PERSISTENT STORAGE 113 is any form of non-volatile storage for computers that is now known or to be developed in the future. The non-volatility of this storage means that the stored data is maintained regardless of whether power is being supplied to computer 101 and/or directly to persistent storage 113. Persistent storage 113 may be a read only memory (ROM), but typically at least a portion of the persistent storage allows writing of data, deletion of data and re-writing of data. Some familiar forms of persistent storage include magnetic disks and solid-state storage devices. Operating system 122 may take several forms, such as various known proprietary operating systems or open-source Portable Operating System Interface type operating systems that employ a kernel. The code included in block 190 typically includes at least some of the computer code involved in performing the inventive methods.
PERIPHERAL DEVICE SET 114 includes the set of peripheral devices of computer 101. Data communication connections between the peripheral devices and the other components of computer 101 may be implemented in various ways, such as Bluetooth connections, Near-Field Communication (NFC) connections, connections made by cables (such as universal serial bus (USB) type cables), insertion type connections (for example, secure digital (SD) card), connections made though local area communication networks and even connections made through wide area networks such as the internet. In various embodiments, UI device set 123 may include components such as a display screen, speaker, microphone, wearable devices (such as goggles and smart watches), keyboard, mouse, printer, touchpad, game controllers, and haptic devices. Storage 124 is external storage, such as an external hard drive, or insertable storage, such as an SD card. Storage 124 may be persistent and/or volatile. In some embodiments, storage 124 may take the form of a quantum computing storage device for storing data in the form of qubits. In embodiments where computer 101 is required to have a large amount of storage (for example, where computer 101 locally stores and manages a large database) then this storage may be provided by peripheral storage devices designed for storing very large amounts of data, such as a storage area network (SAN) that is shared by multiple, geographically distributed computers. IoT sensor set 125 is made up of sensors that can be used in Internet of Things applications. For example, one sensor may be a thermometer and another sensor may be a motion detector.
NETWORK MODULE 115 is the collection of computer software, hardware, and firmware that allows computer 101 to communicate with other computers through WAN 102. Network module 115 may include hardware, such as modems or Wi-Fi signal transceivers, software for packetizing and/or de-packetizing data for communication network transmission, and/or web browser software for communicating data over the internet. In some embodiments, network control functions and network forwarding functions of network module 115 are performed on the same physical hardware device.

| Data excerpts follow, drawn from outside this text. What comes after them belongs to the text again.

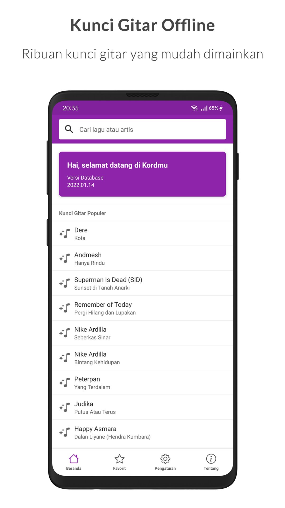 Aplikasi kunci gitar paling lengkap berbahasa Indonesia yang bisa digunakan tanpa koneksi internet. Kamu bisa bermain gitar dan mengulik kunci dan lirik lagu yang kamu suka dimanapun dan kapanpun, tanpa koneksi internet. Aplikasi kunci gitar full offline yang berisi lagu-lagu hits Indonesia dan Malaysia.
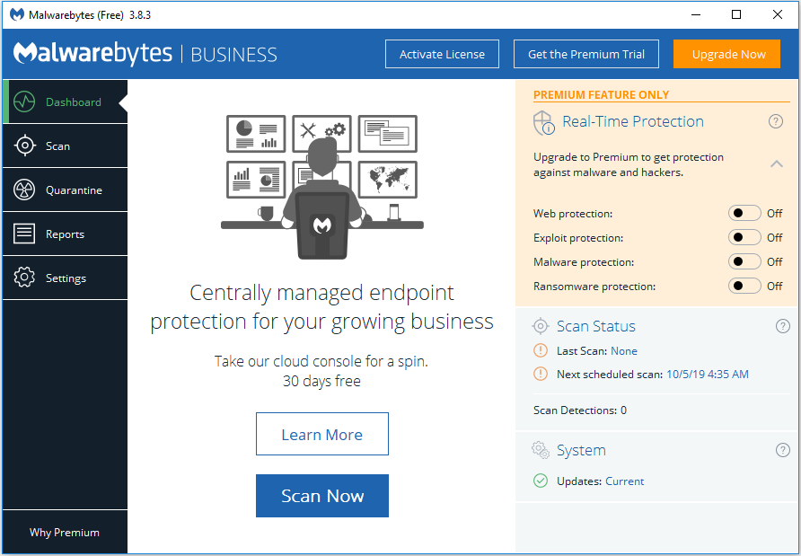 1. У Malwarebytes есть бесплатная версия. Кроме того, Malwarebytes предоставляет вам пробную версию полной версии после загрузки и установки программного обеспечения.
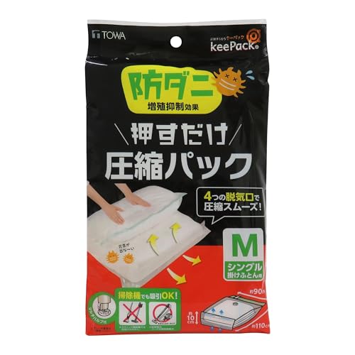 東和産業BKの防ダニ押すだけふとん圧縮袋Mサイズ(90×110cm)は、押すだけで簡単に圧縮でき、ダニやほこりを防ぎます。収納スペースを有効活用できる便利なアイテムです。
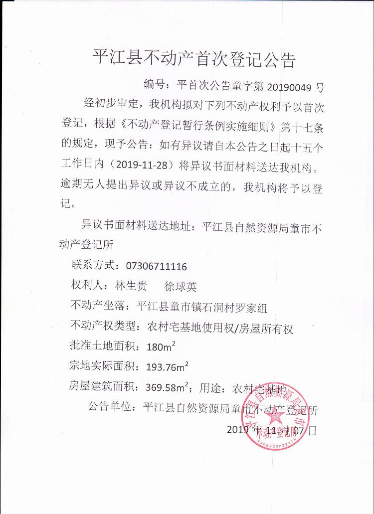 林生贵 徐球英不动产首次登记公告
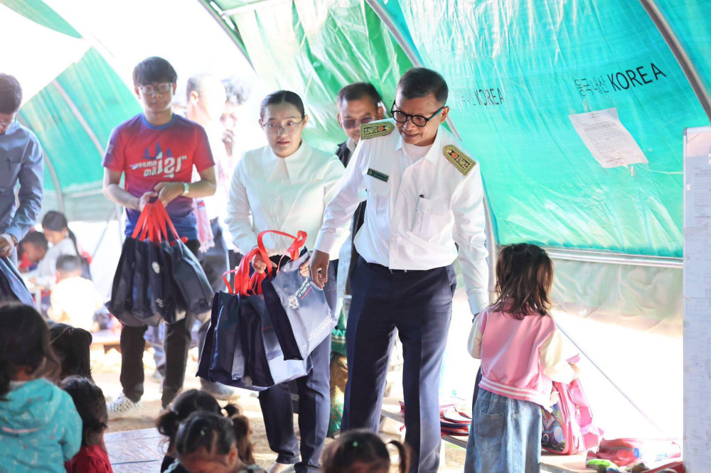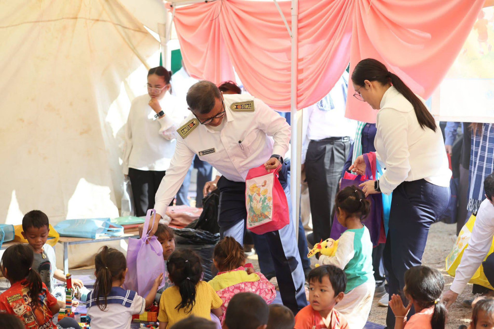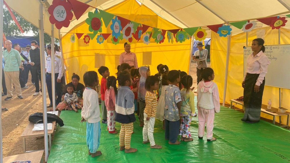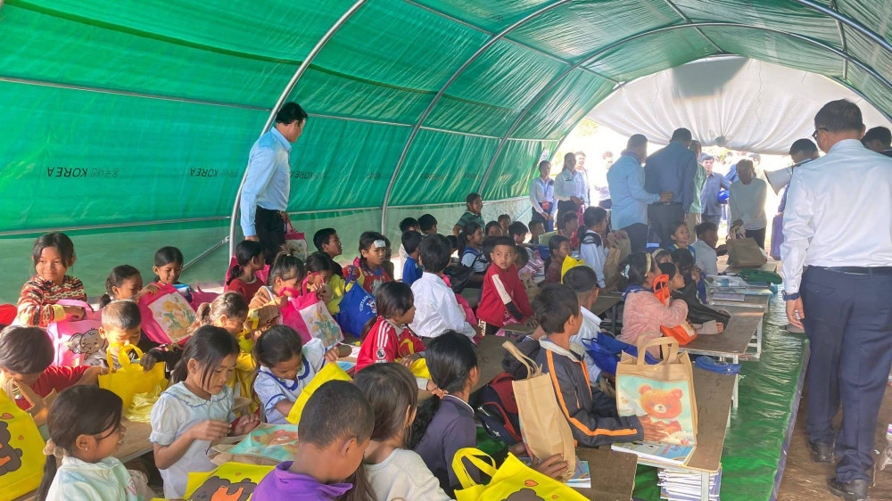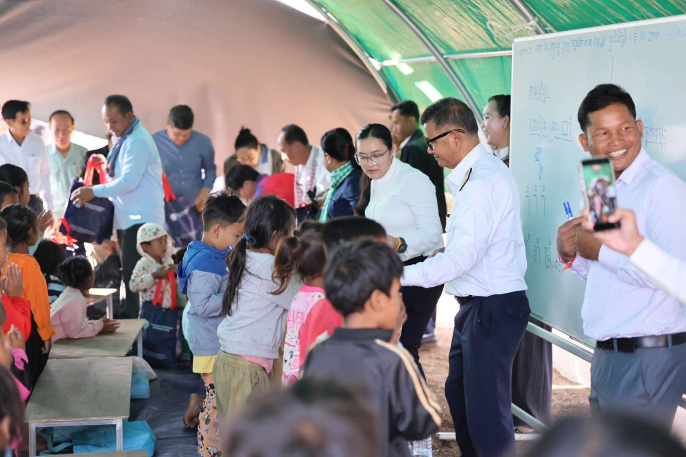 On the occasion, H.E. Dr. Hang Chuon Naron brought educational materials, food and necessary supplies to displaced students, teachers, district education officials and camp director, as well as provided incentive funds to teachers and relevant officials.
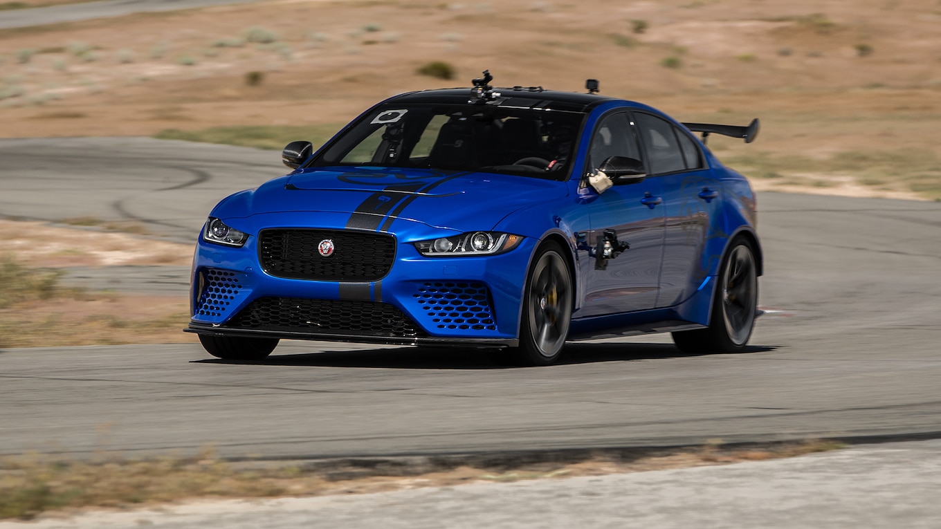 Er, was. The Alfa Romeo gave it a good go, but with “only” 505 horsepower (the weakest car we tested that day by a lot) it was no match for the 640-hp CTS-V. A 1:31.80 lap puts it ahead of the X6 M, but nearly 2 seconds off the Cadillac’s lap. The last chance belonged to Jaguar. Guess what? By the skin of its teeth, the $190K, AWD, 592-hp 2019 XE SV Project 8 put down a 1:29.59 lap, beating the CTS-V by 0.1 of one second. Boom, boom, boom. Out go the lights.
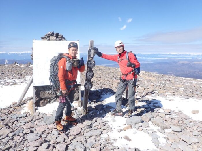 ▲硫黄岳山頂で記念撮影。
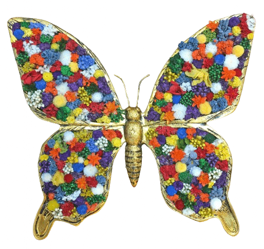 This beautiful bright explosion of color makes this large butterfly a definite showstopper. If you or someone you know would love a conversation piece, this is the one! Measuring 9” X 10”, this gorgeous butterfly piece will mesmerize you plus anyone who sees it. Our artist designs these pieces exclusively for Kremp Florist, so you can rest assured you will never see anything like it anywhere else. There are so many colors and textures, you probably can’t count how many. Best of all, the Le Grande Butterfly is so adapable to any environment. She can be displayed on a tabletop or shelf, plus she has a removable easel back for hanging.
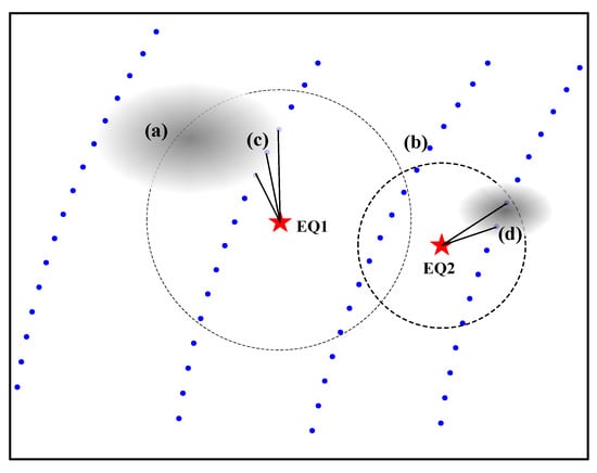 Schematic map of relative position between satellite orbit and seismic ionospheric anomaly, showing the datapoints on the orbit (blue dots), earthquake epicenters (red star), the areas of Dobrovolsky’s radius R around epicenters (dashed circles), and presumed anomalies (gray shadows). (a–d) in the figure represents different states of the relationship between anomaly position and data acquired. See details in the text.
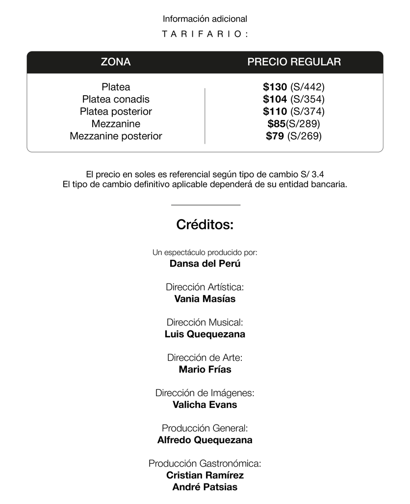 La entradas Conadis estarán ubicadas dentro de la zona platea. Los acompañantes deberán contar con su propia entrada. Para adquirir la entrada CONADIS, comunicarse al 01-219 9000 o al WhatsApp 934 268 558.
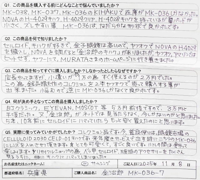Q1. この商品を購入する前にどんなことで悩んでいましたか? MK-38、MK-037、MK-036のKIHAKUで在庫がMK-036しかなかった。 NOVAのH-4029キハク、H-4029クリア、H-4028キハクを持っているが鼻パットが 小さく、ズレやすい事、MK-036は、なだらかな形状で良かったです。 Q2. この商品を何で知りましたか? セルロイド、キハクが好きで、金子眼鏡は高いので、ヤフオクでNOVAのH 4029 を購入し、NOVAを調べると「金治郎のキハク」がありましたが、ヤフオク、アマゾンでは ヒットせず、ヤフーにて、MURATAさまののホームページに行き着きました。 Q3. この商品を知ってすぐに購入しましたか?しなかったとしたらなぜですか? 店長やってますが、小遣いが月1万の為 すぐ使えるのが2万円でした。 この為、銘品春夫作のコレクションを2本ヤフオクで売って購入する事が 出来ました。悩むので逆にMK-036しかなくて良かったです。 Q4. 何が決め手となってこの商品を購入しましたか? BJクラシック、EYEVAN、MOSCOT等 5万円前後ですので、3万円と 手頃だった。又、「金治郎」がネットでは見当たらなく、今しかないのかと思いました。 5年、10年前にセルロイドにハマっていたらもっと安く買えたのにと思います。 Q5. 実際に使ってみていかがでしたか? コレクション品です。今普段遣いは眼鏡市場の CELLULOID 2030 CELD-01キハクです。来年磨きサービスで出す時にこちらのMK-36 にレンズを入れさせて頂きます。★とても可愛くて、すごく良いです。少しの間は飾って 楽しみます。★リサイクルショップの為、べっ甲、セルロイド、琥珀のアクセサリーをたくさん 見るうちに、特にキハクにハマってしまいました。 |
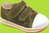 These tennis shoes are a rich slate color with light green tattoo and velcro closure. These shoes will be a great hit with your child. Each shoe squeaks when the child walks correctly heel to toe. When quiet time arrives, the squeaker, located in the heel, can be pulled out by an adult. MEASURING: With your child standing, measure from back of heel to tip of longest toe. Add 1/2 inch for socks when selecting the correct size. Measure every 3 months during the first year and every 4 months thereafter.

In other embodiments (for example, embodiments that utilize software-defined networking (SDN)), the control functions and the forwarding functions of network module 115 are performed on physically separate devices, such that the control functions manage several different network hardware devices. Computer readable program instructions for performing the inventive methods can typically be downloaded to computer 101 from an external computer or external storage device through a network adapter card or network interface included in network module 115.
WAN 102 is any wide area network (for example, the internet) capable of communicating computer data over non-local distances by any technology for communicating computer data, now known or to be developed in the future. In some embodiments, the WAN may be replaced and/or supplemented by local area networks (LANs) designed to communicate data between devices located in a local area, such as a Wi-Fi network. The WAN and/or LANs typically include computer hardware such as copper transmission cables, optical transmission fibers, wireless transmission, routers, firewalls, switches, gateway computers and edge servers.
END USER DEVICE (EUD) 103 is any computer system that is used and controlled by an end user (for example, a customer of an enterprise that operates computer 101) and may take any of the forms discussed above in connection with computer 101. EUD 103 typically receives helpful and useful data from the operations of computer 101. For example, in a hypothetical case where computer 101 is designed to provide a recommendation to an end user, this recommendation would typically be communicated from network module 115 of computer 101 through WAN 102 to EUD 103. In this way, EUD 103 can display, or otherwise present, the recommendation to an end user. In some embodiments, EUD 103 may be a client device, such as thin client, heavy client, mainframe computer, desktop computer and so on.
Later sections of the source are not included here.